There are comparable paradoxes in the manner in which Carr occupied his various roles. Some of his most-noticed writing took the form of leading articles for the acknowledged voice of Establishment opinion in the middle of the century, The Times, of which he was Assistant Editor from 1941 to 1946; yet his contributions were regularly denounced by ruling politicians and administrators alike, who saw them as dangerously subversive of national policy. In the 1960s and 1970s he was hailed as something of a lost leader of the intellectual Left, yet he was dismissive of the “abstract analysis of Marxist texts” he saw characterizing the New Left Review of the period, preferring to publish his own views in the far more mainstream Times Literary Supplement.
Carr was a forceful writer with both a talent and a taste for polemic, yet much of his most influential writing was published anonymously (albeit his authorship was often widely known or suspected). There was also a paradoxical quality to many of his characteristic views and intellectual sensibilities. He vigorously spoke up for progress, against all forms of conservatism and nostalgia, yet he was in no way a liberal. His major work, the fourteen-volume History of Soviet Russia, was devoted to one of the greatest upheavals in modern history, the deliberate remaking of a whole society in accordance with an elaborate ideology, yet his own inclinations as a historian were to concentrate on the legal and administrative procedures of governments and to play down the role of ideas. He was scathing about the provincialism of British intellectuals, yet Edmund Wilson was not alone in finding his writings marred by a “never intermitting British chill”. He deliberately courted controversy, yet he shunned publicity and was by habit and temperament something of a recluse. And finally, he was someone who, shortly after his death, had the rare distinction of being violently denounced in both of the two leading organs of British intellectual and literary opinion, the Times Literary Supplement and the London Review of Books, yet thereafter his name seemed to slip from view with dramatic suddenness. He rarely appears in surveys of leading twentieth-century British intellectuals, or even of that century’s outstanding historians, though he might seem to have better credentials for these titles than several of those to whom they are more readily applied.
Sheer contingency played a larger part in determining the contours of Carr’s career than is true for many writers, but if any consistent or unifying theme is to be located among these tensions and paradoxes, then it must be found, at least from that point in the late 1930s when he can be said to have discovered his own voice, in his unwavering commitment to what he understood as “realism”. And in the case of this deeply contentious man, such an understanding found habitual expression in criticizing and dismissing those he deemed guilty of various kinds of “illusion”. In the 1930s, he principally took issue with those liberal idealists who had deluded themselves that the Treaty of Versailles should be based on the twin foundations of German guilt and the rights of small nations, rather than on efforts to assure the long-term security of Europe through a recognition of the realities of the large power blocs. Thereafter, he evinced a similar exasperation with those who could not see that laissez-faire capitalism had failed and needed to be superseded by planned economies. In the 1950s and 1960s, he could barely contain his disdain for those who refused to accept the reality that Britain was no longer a major power and Europe no longer the centre of world history. And in his dealings with a variety of opponents, he complained of their failure to see that, although technological and economic advances may have dealt roughly with some of the cherished idols of the nostalgic and comfortably-off intellectuals of the West, the welfare of the mass of mankind had benefited immeasurably, and that that was what mattered in drawing up the balance-sheet of progress.
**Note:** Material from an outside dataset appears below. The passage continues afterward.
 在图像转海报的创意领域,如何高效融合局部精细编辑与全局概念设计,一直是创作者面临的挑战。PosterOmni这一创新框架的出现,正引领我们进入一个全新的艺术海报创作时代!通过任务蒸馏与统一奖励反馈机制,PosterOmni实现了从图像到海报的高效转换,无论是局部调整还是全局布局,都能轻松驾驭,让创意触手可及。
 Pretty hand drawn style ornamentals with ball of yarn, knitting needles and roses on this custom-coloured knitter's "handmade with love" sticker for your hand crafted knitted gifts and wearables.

In every sphere, Carr insisted that the realities of power be acknowledged (or indeed, according to his critics, celebrated). This may seem simply the essential entrance qualification for anyone setting up as a commentator on world affairs, but the central question about Carr’s career has to be whether this unwavering commitment, always accompanied by an eagerness to expose the irresponsible illusions of ideologues and idealists alike, did not in the end become a limitation. A degree of insensitivity to the play of ideas may be characteristic of officials of any stripe, just as a rather-too-pleased-with-itself hard-headedness may be typical of political historians: Carr had a share of both of these identities, and this inheritance, when combined with an almost solipsistic absorption in his own projects, expressed itself in a perspective of considerable power and penetration, but one that, in the ultimate paradox, may not have been best suited to taking the measure of the ideas-driven century he lived in and wrote about.
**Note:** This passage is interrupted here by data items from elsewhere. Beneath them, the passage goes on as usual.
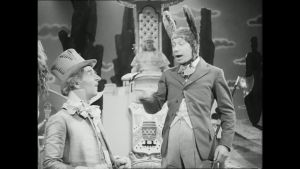 We've added an extract of the Lion and The Unicorn  dream sequence Geroge Formby's 1946 film "George in Civvy Street".  Click on the image of George as the March Hare with the Mad Hatter below to see it and got George in Civvy Street to read Stephen Martin's article.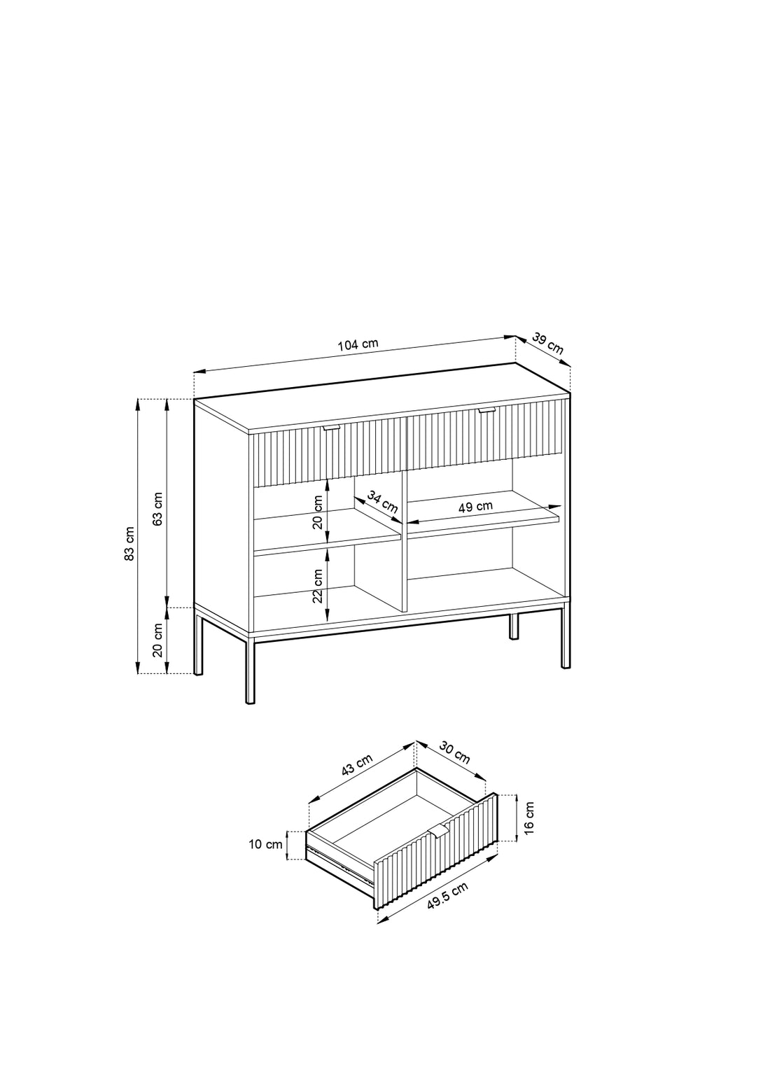 Die Kommode KSZ104 der NOVA Serie in Kaschmir vereint dezente Farbgebung mit einer klar ausgeprägten Rillenstruktur, die dem Möbelstück eine moderne und zugleich ruhige Ästhetik verleiht. Die oberen Klappen eignen sich ideal für Alltagsgegenstände, die schnell erreichbar sein sollen, während die unteren Türen mit mehreren Ablagefächern großzügigen Stauraum für Geschirr, Textilien oder dekorative Elemente bieten. Die kaschmirfarbene Oberfläche schafft eine warme, harmonische Raumwirkung und lässt sich hervorragend in minimalistische und skandinavische Wohnstile integrieren. Das schwarze Metallgestell bietet sicheren Stand und unterstreicht die leichte, elegante Optik der Kommode. KSZ104 ist ein vielseitiges Aufbewahrungsmöbel, das Wohn-, Ess- oder Eingangsbereiche stilvoll ergänzt.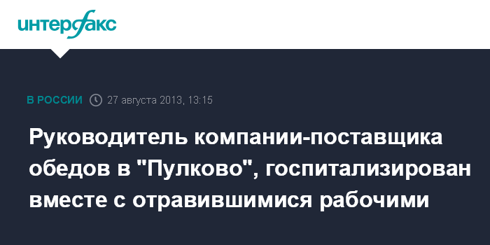 Санкт-Петербург. 27 августа. INTERFAX.RU - Среди госпитализированных с отравлением рабочих, задействованных на строительстве нового терминала аэропорта "Пулково", оказался один из руководителей компании-поставщика обедов, сообщает пресс-служба управлении на транспорте МВД по СЗФО во вторник.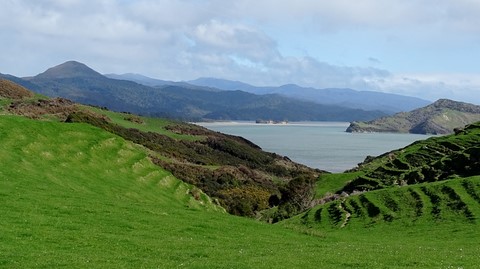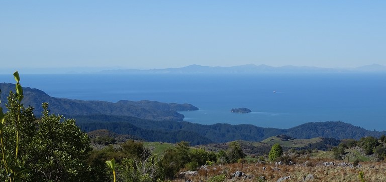 Vers l'Abel Tasman Park et on voit Adèle Island ou nous nous sommes promenés , et au fond les Malboroughs sounds .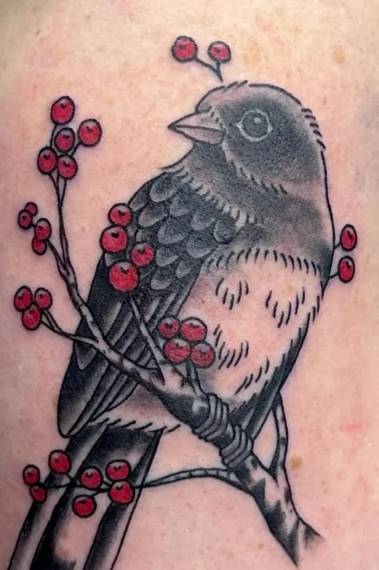 “I won a tattoo in a drawing for my first tattoo at the shop. Raine tattooed a bind rune on me and he did awesome on it. Would definitely go back there again. Very professional and polite and Raine is very creative. The other tattoo artists there at the shop are amazing as well!”

The contingencies that helped shape Carr’s career were representative of the ways in which aspects of the older role of the man of letters survived, even as that role mutated into more specialized and even professionalized identities. Seen in these terms, the inaugurating moment came in December 1928, when Carr was already thirty-six years old. Up to that point, his life had followed a pattern familiar among the cleverer sons of the educated and professional classes at the turn of the century. A First in Classics at Cambridge had been followed by a temporary wartime appointment attached to the Foreign Office, including a spell at the Versailles peace conference in 1919. In the early 1920s, Carr allowed himself to drift into what looked as though it was going to be a permanent career in the diplomatic service. (Jonathan Haslam’s excellent biography, The Vices of Integrity, 1999, provides the fullest account of Carr’s career.) His longest posting was at Riga, between 1925 and 1929, but he was bored by embassy life, and having learned Russian he formed the desire to write about Russian literature. It was while on leave in London, in December 1928, that he met V. S. Pritchett, then just beginning a regular reviewing stint on the Spectator, and this gave him the opening he craved: the first of Carr’s reviews for that paper appeared in March 1929. Initially, Carr struggled to get any recognition for his longer literary efforts: his biography of Dostoevsky was turned down by various publishers before being accepted by Unwin in 1931. His first real success came with the appearance in 1933 of The Romantic Exiles, a group portrait of Herzen, Bakunin and the generation of the 1840s. Thereafter, Carr was to be found writing fairly frequent articles and reviews in publications such as the Fortnightly Review and the Spectator. Given the delicacies involved in commenting upon contemporary international affairs while still working for the Foreign Office, he published several of these pieces under the nom de plume “John Hallett”, a portent of a career in literary journalism that was to be, to an extent unusual by this date, often carried on under the cover of anonymity or pseudonymity.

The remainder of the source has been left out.